Семирукова терпеливо ждала. Есть такой тип людей – им непременно нужно детально изложить все подробности, и прерывать их бесполезно – будет только хуже.
– Как только я получила эту телеграмму, сразу приехала – как же мне не приехать к родной дочери! За тридевять земель, к черту на рога, а приехала. Как я могла не приехать?! Ехала сюда с пересадкой в Москве. Напрямую до вас рейсов нет. Забились в самый угол страны, и добирайся до вас как хочешь! В Москву каждый день по несколько самолетов туда-сюда мотается, а к вам ни одного. Если бы вы знали, чего мне стоило сюда приехать! Но вы все равно не поймете, поэтому говорить не буду. До Москвы восемь часов летела, еще и вылет задержали, так что все девять вышло; потом в Москве еще два часа в аэропорту промудохалась. И к вам, считай, час лету. Вот и получается, целый день в пути. И всё на нервах, всё без сна. Я же ехала сюда, как на похороны! Знаю я это критическое состояние – у меня троюродная тетка Нелли в нем была, царствие ей небесное!
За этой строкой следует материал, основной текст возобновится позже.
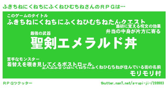 | 胡散臭い通販商品みたいなあだ名 | 『必ず成功する霊験あらたかなお札…その名も「ふきちねにくねちにふくねひむちね」』 |
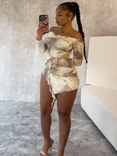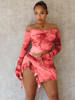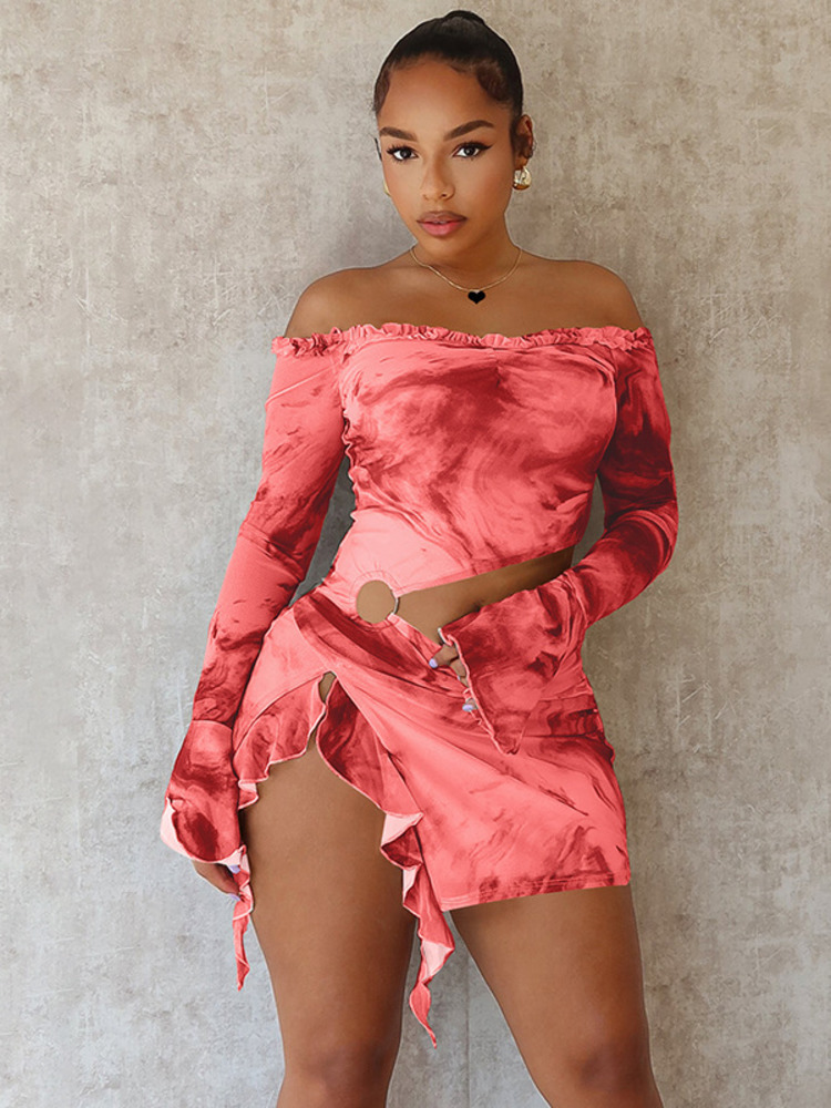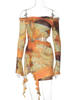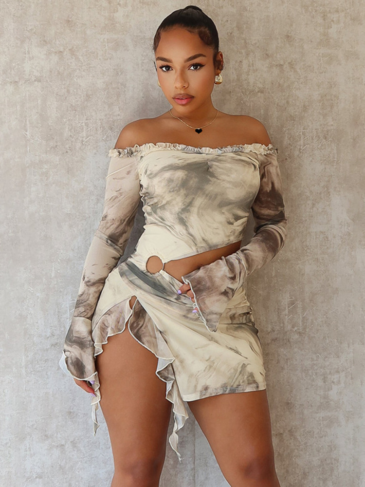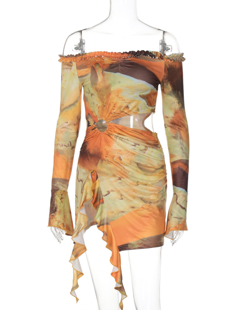 Hollow Out Print Mini Dress For Women Autumn Off-shoulder Long Sleeve Bodycon Ruffled Slit Dress New
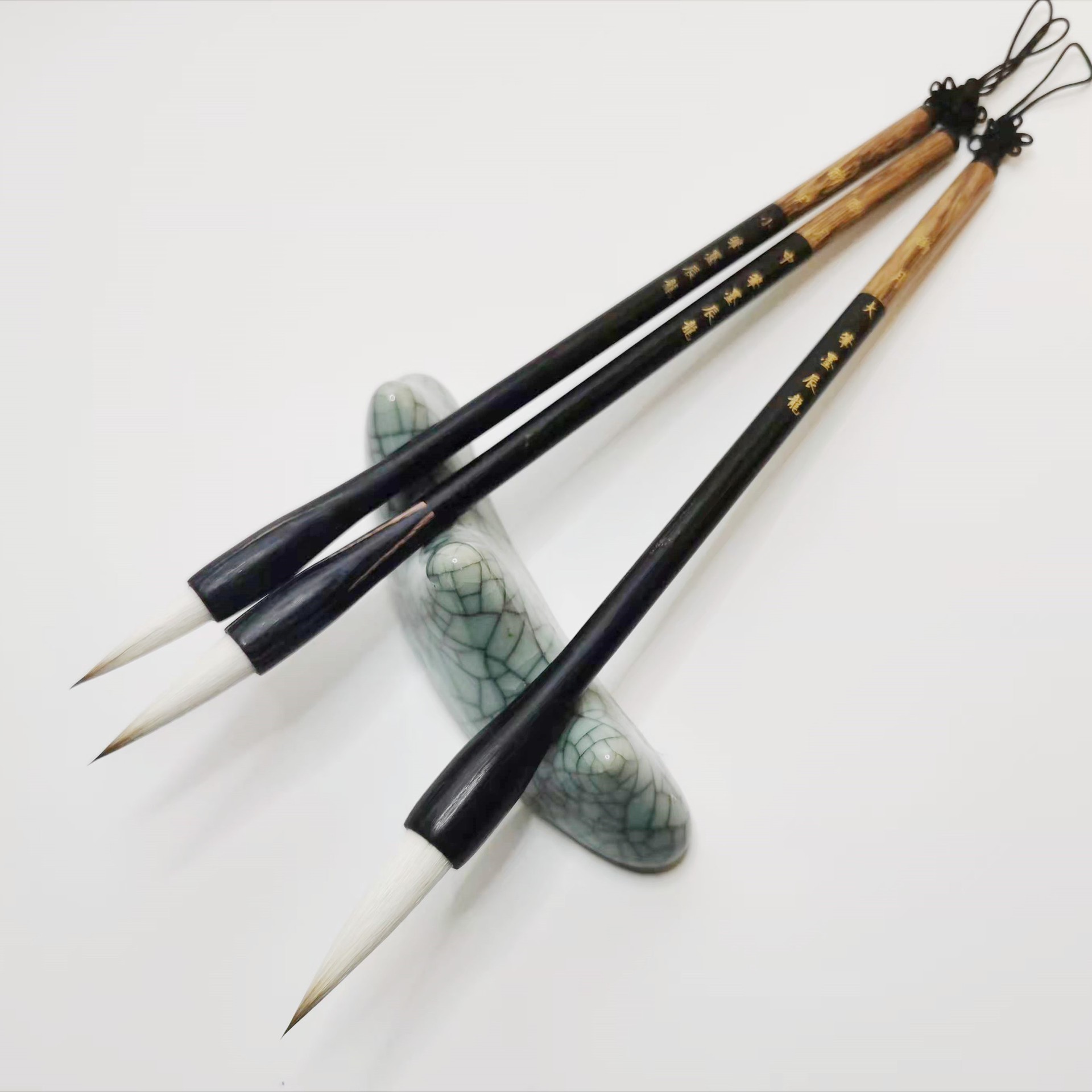 辰龍牌幽人酔月震音火山高品兼ミリ毛筆大中小レイシ木は黒檀木の筆棒をはめ込んでいます。
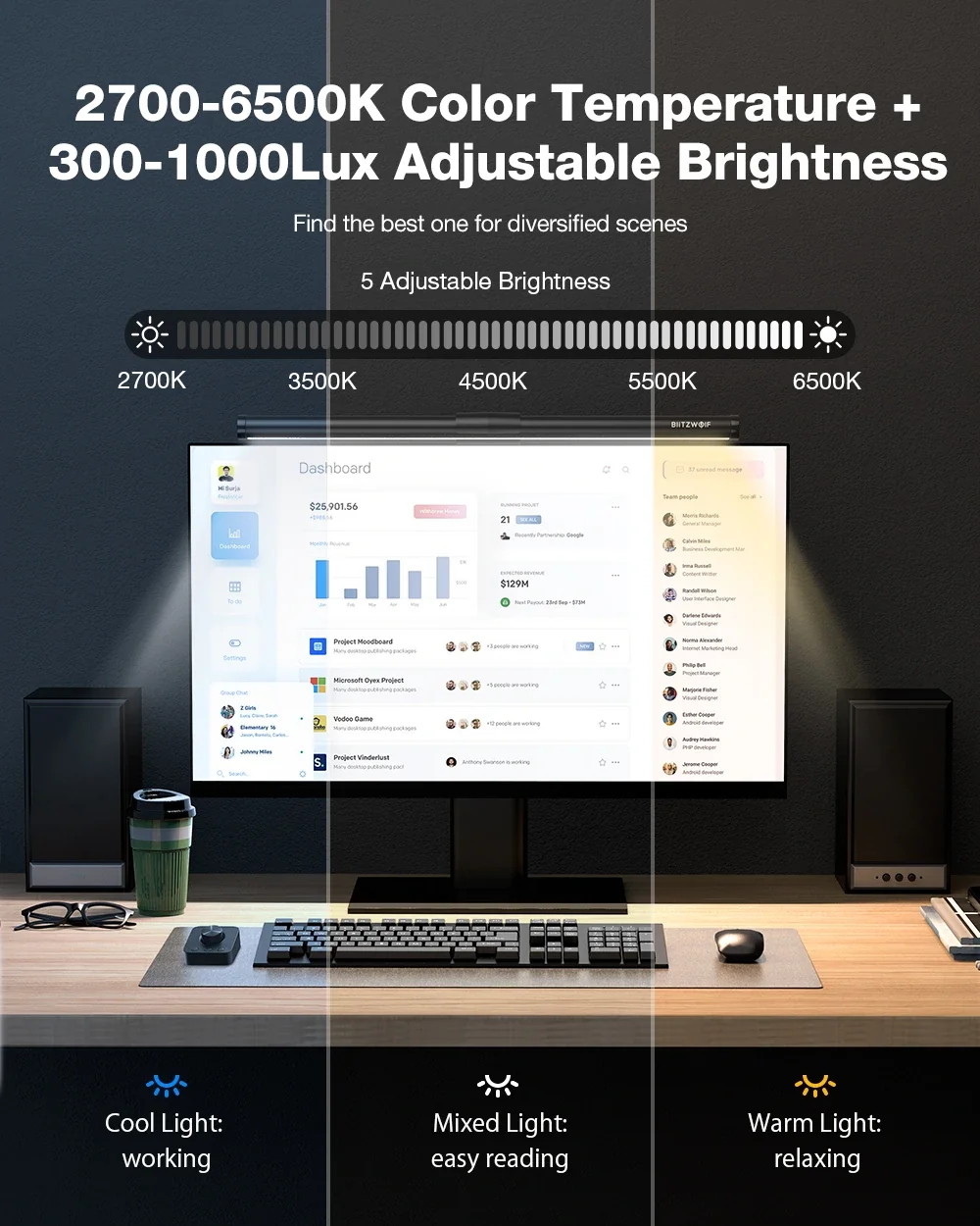 Természetesen érdemes nagyjából párhuzamosan beállítani a monitorodhoz képest, mert más helyzetekben vakító lehet és a megjelenítőd fényét sem fogja értékelhető módon tompítani. A monitorlámpa megérintésével vagy a távirányító használatával egyaránt kedvedre váltogathatod a színhőmérsékletet és a fényerőt, előbbit 2700-6500 K, utóbbit pedig 300-1000 Lux között.

Про тетку я вам уже рассказывала, так что не буду повторяться. Пришла я в больницу, которую с трудом нашла, между прочим, усталая как собака, шутка ли – день в пути и вся на нервах! И что же вы думаете? Мне предъявляют не мою дочь! Нет, вы представляете?! Не мою дочь! Лежит она без сознания, бледная-бледная, почти как мертвая. Я, само собой разумеется, вздохнула с облегчением. Но это же надо так напугать! Я ведь мысленно уже ее похоронила! Если бы вы только знали, каково это, матери похоронить собственную дочь, пусть даже мысленно! Но вы все равно не знаете – у вас детей нет. А врач этот – не врач он вовсе, я вам скажу, а одно название, чурбан неотесанный! Циник бездушный! Так вот, этот чурбан неотесанный, что меня сопровождал, стоит и изгаляется. Вы уверены, спрашивает, что это не ваша дочь? Я чуть его не прибила за такое заявление. Если бы не мое взволнованное состояние, я бы ему устроила, хаму этому трамвайному. Уверена, говорю. Еще бы я была не уверена. Я все-таки мать, и глаза у меня есть. Не она это, говорю, и точка! – Анастасия Михайловна снова некрасиво высморкалась.
– От сердца у меня отлегло. Но где тогда моя дочь, спрашивается? Где?!
– Вы у меня спрашиваете? А вы ей звонили? У вас есть номер телефона дочери?
– Не держите меня за слабоумную! Звонила, конечно. Всегда одно и то же: «Абонент недоступен».
– А что говорят у нее на работе и дома? Она одна живет?
– Одна. Юлька недавно… – Недорез замолчала, что-то прикидывая в уме, – считай, два месяца назад в Питер работать приехала. – У нашей родственницы должна была остановиться. А то где еще? Говорила, что ей на работе жилье предоставляют, только не верю я в эти сказки. Это в наше время жилье еще давали, и то не сразу, а тут, чтобы только приехала, и сразу на тебе, пожалуйста, отдельную квартиру – так не бывает. Ни домой, ни на работу к своей дочке я не ходила, не успела еще. Устала, как собака. У вас такой огромный город, замудохаешься, пока куда-нибудь доберешься.